I think he's fabulous-very well built & quite handsome.


----------



## csimkunas6 (Apr 18, 2010)

Oh my goodness....some people have all the luck with getting the best looking horses 

He is gorgeous!!! Hope all goes well, and look forward to seeing more and more pics of this guy.....I love his name to be honest, I think its adorable!!


----------



## Kayty (Sep 8, 2009)

csimkunas6 said:


> Oh my goodness....some people have all the luck with getting the best looking horses
> 
> He is gorgeous!!! Hope all goes well, and look forward to seeing more and more pics of this guy.....I love his name to be honest, I think its adorable!!


Haha not luck, just a butt load of hard work saving money, and jumping on an opportunity as soon as it presents itself!!


----------



## Caitlinpalomino (Nov 16, 2010)

He is stunning...absolutely gorgeous!!!!


----------



## Kayty (Sep 8, 2009)

A couple of shots my friend got during my first ride on him, shoddy out of practice for 12 months riding and all!


----------



## HorseLovinLady (Jul 18, 2011)

Good lookin boy, congrats!! :smile:


----------



## CLaPorte432 (Jan 3, 2012)

What a gorgeous color he is!


----------



## HowClever (Feb 16, 2010)

He is lovely, Kayty!


----------



## Skyseternalangel (Jul 23, 2011)

I'm so happy for you!  I bet Billy is going to love his new pal!


----------



## ThursdayNext (Oct 18, 2011)

Ooh, look at that beautiful boy tracking right up! *jealous*


----------



## lilkitty90 (Nov 11, 2009)

i actually like the name sphiggi. i think pronounced sss ph(f sound) and then iggy. its very unique  he is such a good looking boy and looks like he rides pretty well after 12 months out of work.


----------



## MHFoundation Quarters (Feb 23, 2011)

He's awfully cute Kayty! I like the Sphiggi too, when I read that it reminded me of a fave pair of shoes made by Via Spiga. I'm in love with that browband, I'm thinking that would look really cute on my black mare  

Look forward to hearing how he comes along!


----------



## RaiRaiNY (Feb 19, 2010)

What a gorgeous boy! Congrats and have fun with him!


----------



## CinderEve (Oct 26, 2010)

I can't guarantee that he won't be on his way to Indiana ... 

He's gorgeous!!!


----------



## omgpink (Aug 16, 2008)

Woah stunner stunner! 
Can't wait to see more pics of him!


----------



## Kayty (Sep 8, 2009)

ThursdayNext said:


> Ooh, look at that beautiful boy tracking right up! *jealous*


Those riding photo's are his first ride in a month, and before that he only had about 6 weeks full work after being out of work for 12 months. So once he builds up muscle and balance, I like to think that his trot will improve even more  



lilkitty90 said:


> i actually like the name sphiggi. i think pronounced sss ph(f sound) and then iggy. its very unique  he is such a good looking boy and looks like he rides pretty well after 12 months out of work.
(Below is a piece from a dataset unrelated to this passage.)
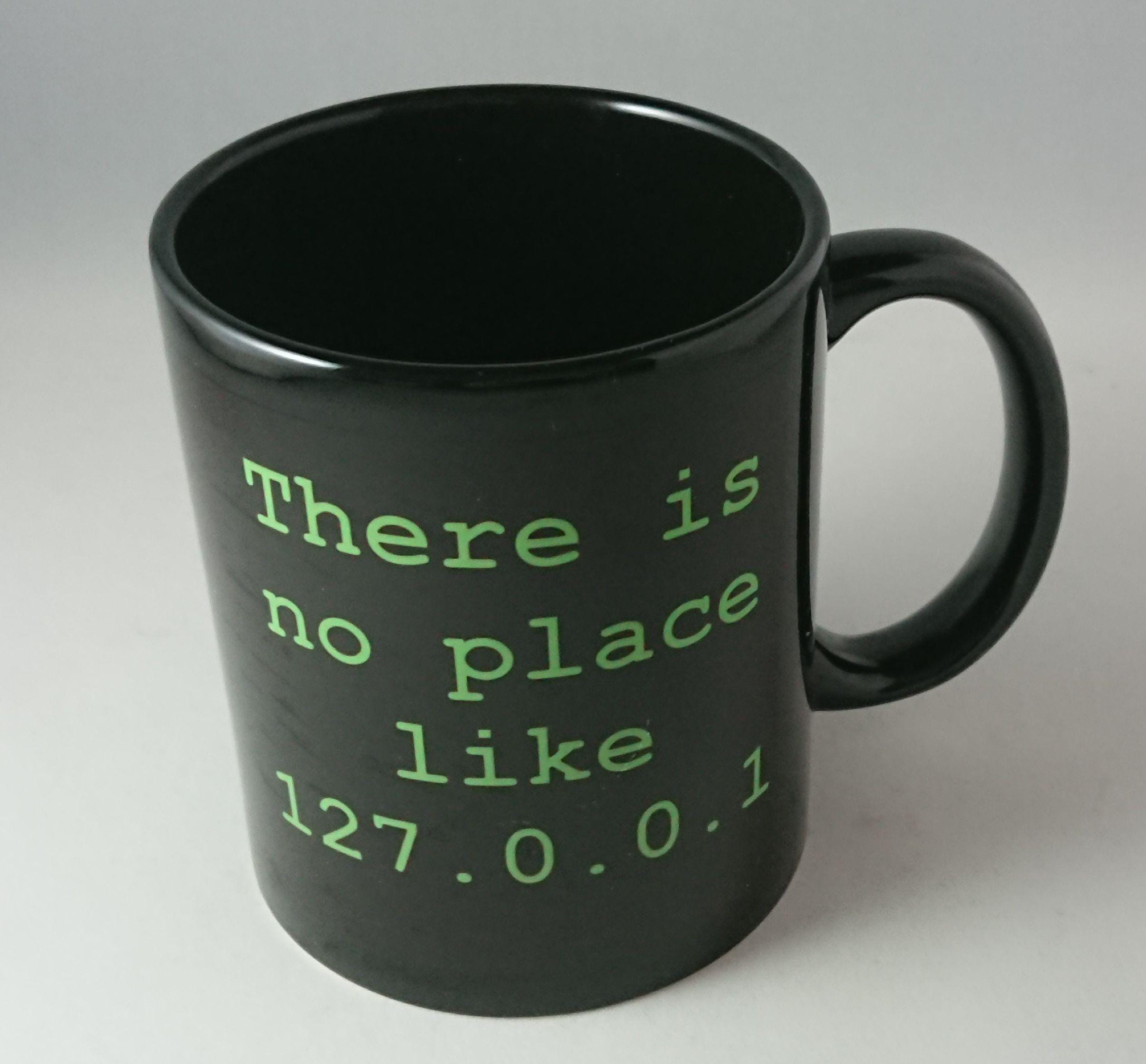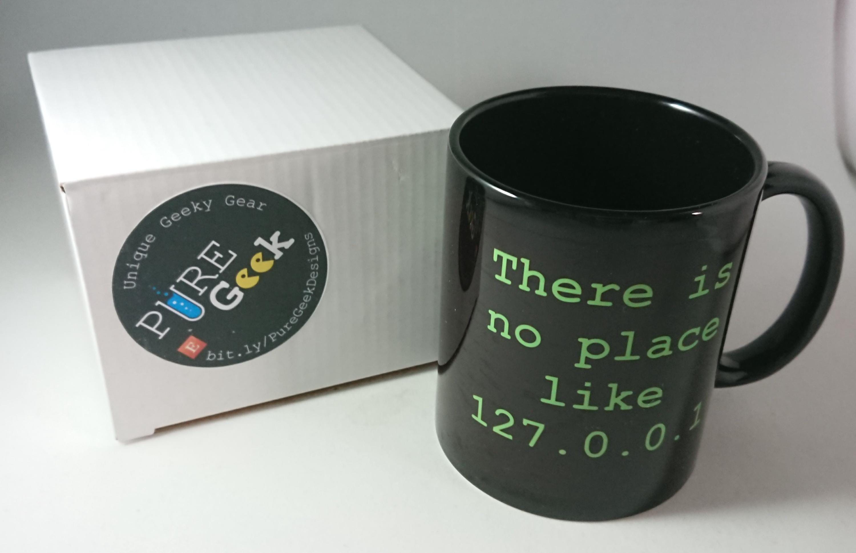 We all love home and what better way to show your love for home than with a mug that says that "There is no place like home". 127.0.0.1 is the IP address for the computer you are working on also known as 'home' hence the geeky saying. This has corrupted the saying from the Wizard of Oz but I am sure you can wear your ruby slippers whilst drinking your favourite beverage from this awesome mug. The AAA grade porcelain has the image sublimated onto it so it will not fade and is both microwave and top rack dishwasher proof. Shipped in cardboard smash proof boxes we are limiting our impact on the planet by using recyclable packaging.

Yep, thats exactly how you pronounce it  



MHFoundation Quarters said:


> He's awfully cute Kayty! I like the Sphiggi too, when I read that it reminded me of a fave pair of shoes made by Via Spiga. I'm in love with that browband, I'm thinking that would look really cute on my black mare
> 
> Look forward to hearing how he comes along!


The woman I am buying him from has her own company doing browbands, stocks etc. She's got some really beautiful stuff!


----------



## mom2pride (May 5, 2009)

Congrats!! He is gorgeous!! *wipes drool off keyboard*


----------



## ohmyitschelle (Aug 23, 2008)

Just absolutely gorgeous! I look forward to your updates about him Kayty


----------



## apachewhitesox (Dec 9, 2010)

I think he looks gorgeous and you look like a great pair. I love his name who wants an everyday name.


----------



## waresbear (Jun 18, 2011)

Very handsome horse, & you look great on him!


----------



## Cacowgirl (Feb 19, 2011)

He is adorable & you look great on him.Looking forward to seeing more pics of the two of you.


----------



## Cacowgirl (Feb 19, 2011)

Did you get some tack w/him or were you riding w/the previous owner/s tack?Do you have a link for the browbands?


----------



## Kayty (Sep 8, 2009)

The tack in the photo's is the previous owners tack, but she makes browbands, stocks etc.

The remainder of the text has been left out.